In early May, Adcock received a copy of a letter addressed to Louw by Lulla. This letter advised Adcock that both Lulla and the board of directors of Cipla India did not support the proposed transaction.

Based on the information publicly available at the time of the firm intention announcement, Adcock understood that the entire contractual relationship between CMSA and Cipla India was governed solely by a written supply agreement, concluded on or about September 26 2005.

To Adcock's knowledge, the terms of the Cipla India agreement have never been publicly disclosed by CMSA, except for a summary of salient terms contained in a limited information memorandum dated October 2005.

Having reviewed the supply agreement summary and all subsequent public communications by CMSA, Adcock was not aware of any issues in the Cipla India agreement that could prejudice the proposed transaction.

Adcock therefore noted with concern media statements attributed to Lulla that Cipla India has the right to terminate the Cipla India agreement upon a "change of management" of CMSA.

Adcock has also noted that CMSA has not publicly challenged or questioned this interpretation, and to the contrary has in its Sens announcement of May 4 implicitly confirmed the risk of such termination. The existence of this termination right would have a material effect on the market for CMSA shares and any potential offer for CMSA.

Therefore on May 19 2009, the Adcock board requested the CMSA board to clarify this issue. No response has as yet been received.

Adcock has also formally requested JSE to investigate whether the Cipla India agreement contains such a termination right, which would in effect grant Cipla India negative control over the major operations of CMSA, and whether this was properly disclosed to CMSA shareholders. The JSE is in the process of investigating the matter.

The suspensive condition pertaining to the contractual relationship between Cipla India and CMSA is contained in paragraph 7.2.3 of the firm intention announcement.

Given the lack of any substantive response from the CMSA board, as well as Adcock's concerns regarding the contractual relationship between Cipla India and CMSA, Adcock wrote to Cipla India on May 28 2009 in order to remove any uncertainty regarding the position of Cipla India in relation to the above condition.

Adcock requested Cipla India to confirm, in writing, whether the written confirmation contemplated in the above condition 7.2.3 of the firm intention announcement would be forthcoming.

On May 30, Cipla India issued a response to Adcock's letter in which it failed to provide the written confirmation requested, and also unequivocally rejected the proposed transaction.

The Adcock board therefore believes that there is no reasonable prospect of the suspensive condition being fulfilled.

Commenting on the withdrawal, CEO Jonathan Louw said: "While we are disappointed to withdraw from a transaction which had such a compelling commercial rationale, we have been placed in an untenable position.

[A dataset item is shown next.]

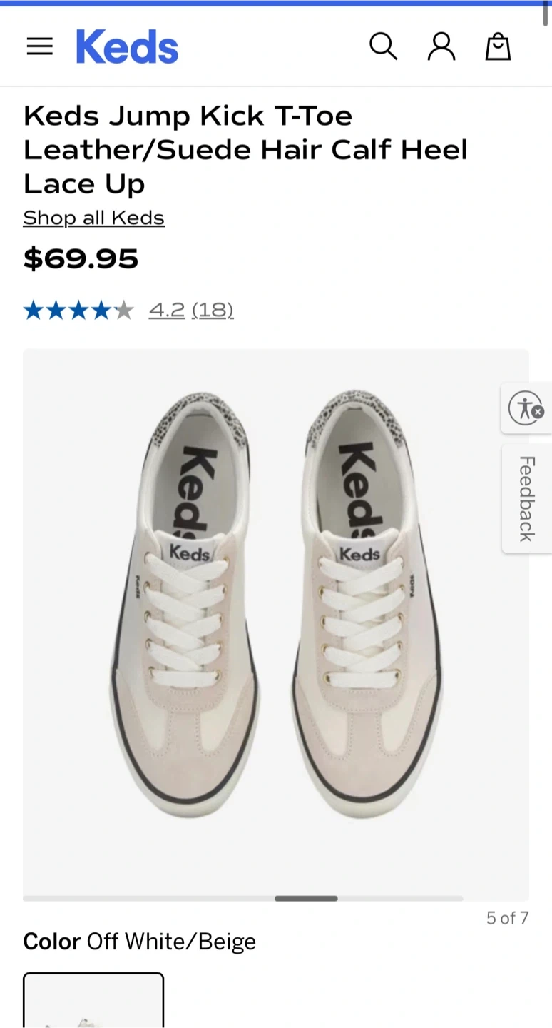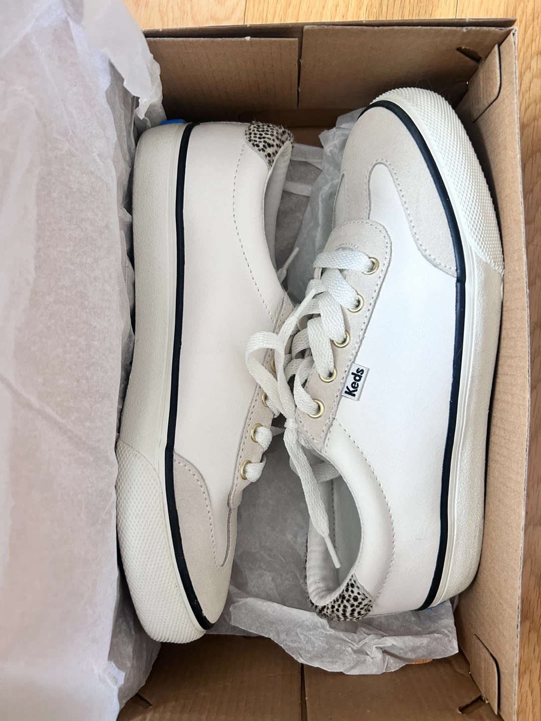 Keds Jump Kick T-Toe sneakers in off-white and beige. These lace-up shoes feature suede accents and a faux calf hair heel detail. They're made with leather and suede for a stylish look. Comes with the original box.

"Given the lack of response from the CMSA board, the uncertainty over the precise nature of the contractual relationship between Cipla India and CMSA, and the potential risk of retributive action by Cipla India in respect of its commercial relationship with CMSA, the prospect of successfully completing a commercially viable transaction is no longer possible.

"We remain committed to our strategy of growing Adcock Ingram through prudent acquisition, and delivering value to shareholders".